Джина тяжело, судорожно дышала.
Чолвелл покровительственно произнес: «Часа через два все пройдет, вот увидишь». Он начал напевать какую-то песенку – старомодную сентиментальную балладу.
Они пролетели над хребтом, повернули, покачиваясь под порывами ветра, и стали спускаться в долину. Напротив возвышался огромный черный эскарп. Ярко-голубой солнечный свет озарял сбоку поверхности обрыва, отражаясь от вертикальных уступов, блестевших, как серебристая фольга.

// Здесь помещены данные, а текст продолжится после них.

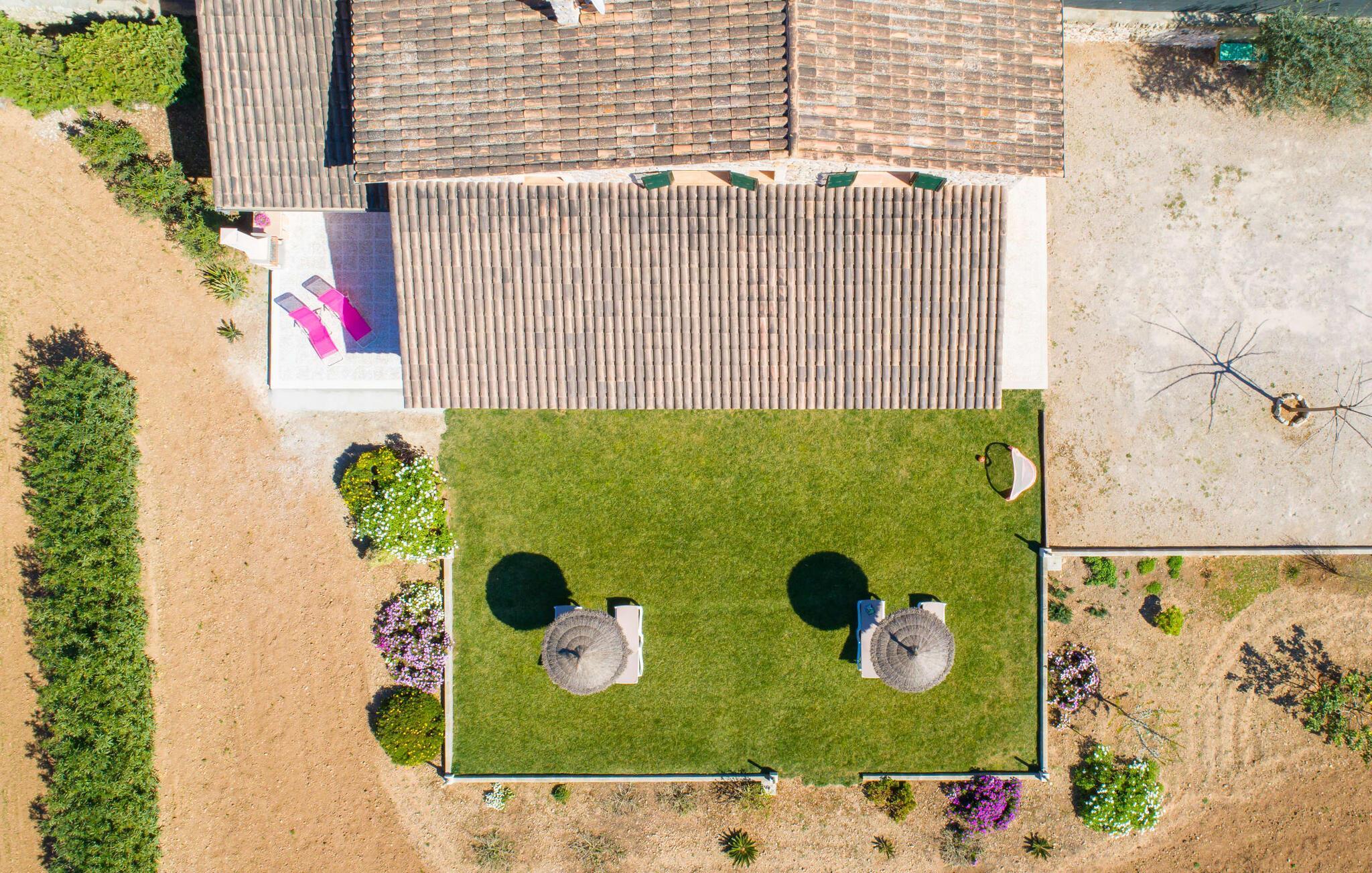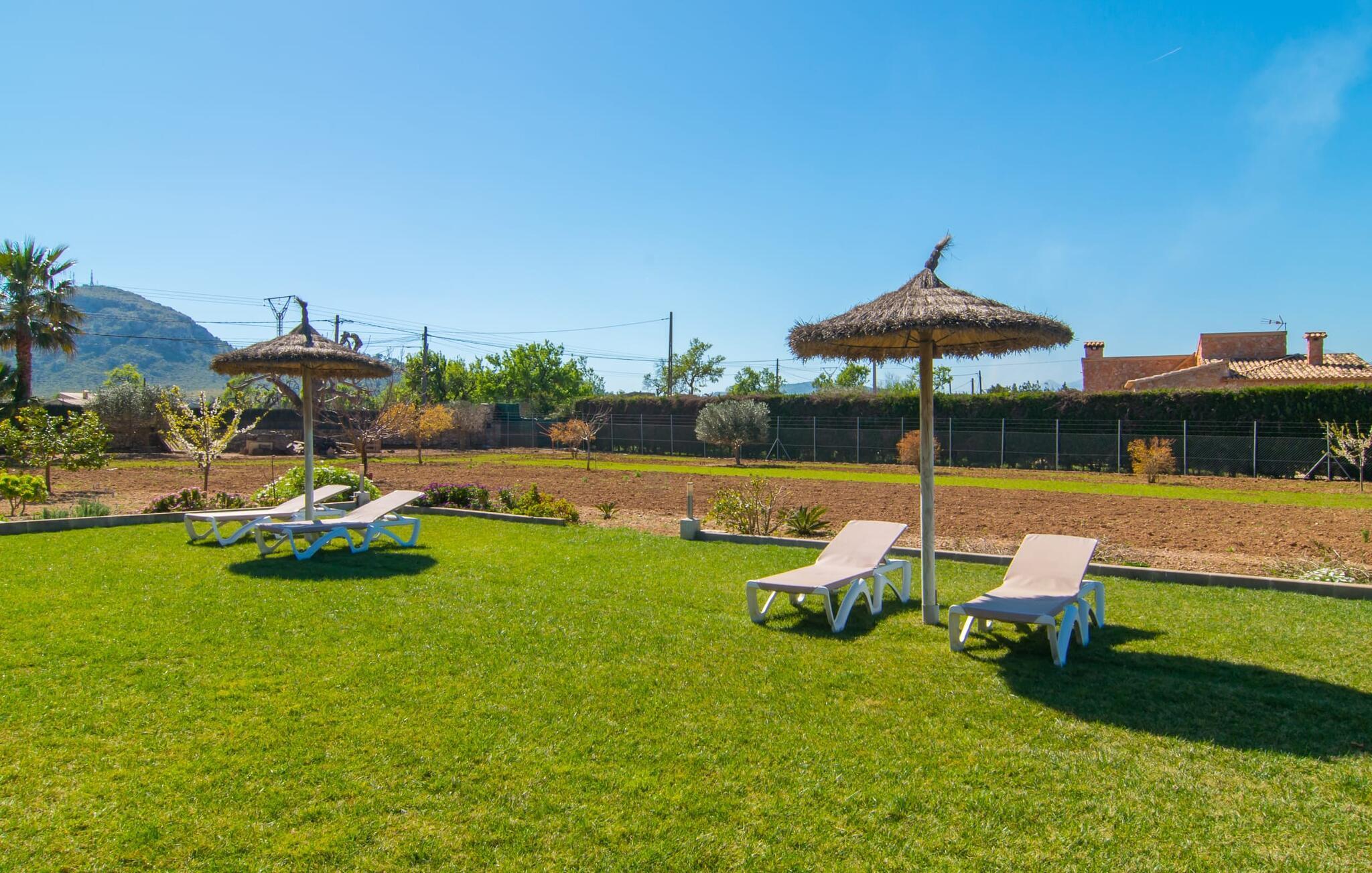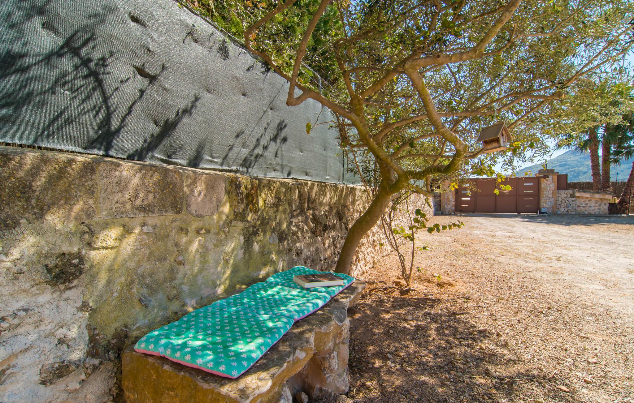 Der schön angelegte Außenbereich mit einer großen Terrasse von 100 m2 bietet einen ruhigen Rückzugsort mit herrlichem Blick auf die Natur und den Garten, und Sie können auch ein herzhaftes Frühstück oder eine gute Mahlzeit in guter Gesellschaft genießen, mit Blick auf die Berge (Sierra de Tramuntana). Eine Besonderheit für Familien: Kinder können die Hühner im Garten füttern, die sich in der Villa befinden, und frische Eier sind auf Anfrage erhältlich. Radfahrer werden die Lage der Finca zu schätzen wissen, da sie an der bekanntesten Radtouristenroute Camí d'es Brasals liegt, der Straße, die Alcúdia mit Pollença verbindet.

Глиссер сотрясался и вибрировал, устремившись вдоль нависших над ним гигантских черных утесов. Вскоре впереди показалось скопление розовых строений, приютившихся под скалой.
«Видишь, мы уже почти прилетели! – заботливо сообщил Чолвелл. – Тебе придется провести здесь некоторое время – пусть это тебя не тревожит. В таком положении вещей есть свои преимущества». Он снова стал что-то напевать, после чего сказал: «Причем твои деньги послужат благородной цели». Чолвелл покосился на Джину: «Ты сомневаешься? Тебе не нравится такая перспектива? Но – уверяю тебя – не все так плохо, как может показаться, потому что ты станешь одной из моих… маленьких курочек». Эта мысль очевидно позабавила его: «Да-да, одной из моих маленьких птичек… Но мне лучше придержать язык за зубами – зачем тебя беспокоить лишний раз?»

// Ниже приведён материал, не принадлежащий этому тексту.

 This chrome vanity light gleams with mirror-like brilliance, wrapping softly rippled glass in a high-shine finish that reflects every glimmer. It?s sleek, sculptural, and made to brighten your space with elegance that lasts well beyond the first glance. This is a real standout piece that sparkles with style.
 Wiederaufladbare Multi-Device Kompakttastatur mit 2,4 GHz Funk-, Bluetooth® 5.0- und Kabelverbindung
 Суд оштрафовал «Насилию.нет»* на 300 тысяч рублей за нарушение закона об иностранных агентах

Глиссер спускался к россыпи розовых зданий. «Здесь когда-то было поселение ходочков, – с почтением пояснил Чолвелл, – невообразимой древности, уходящей во тьму веков… Причем они выбрали идеальное место, оно хорошо прогревается солнцем. Как видишь, я сказал тебе правду. Должен признаться, однако, что в последнее время мое предприятие находится в достойном сожаления запустении, за птичками присматриваем только я и несколько помощниц… Но теперь, когда у нас будет достаточный капитал, возможно, удастся внести некоторые улучшения». Чолвелл обвел взглядом группу сооружений, его ноздри расширились: «Чудовищно! Худший стиль последнего столетия, возрождение рококо! Розовая штукатурка поверх старого надежного пенокамня… Но деньги делают чудеса там, где мечты и надежды бесполезны, – он прищелкнул языком. – Может быть, мы переедем на одну из тропических планет. На Кодироне – унылый, суровый климат. Кроме того, в моем возрасте черный лед опасен – можно поскользнуться и переломать кости, – он рассмеялся. – Что-то я разболтался… Если тебе наскучит меня слушать, так и скажи… Ну вот, мы и дома».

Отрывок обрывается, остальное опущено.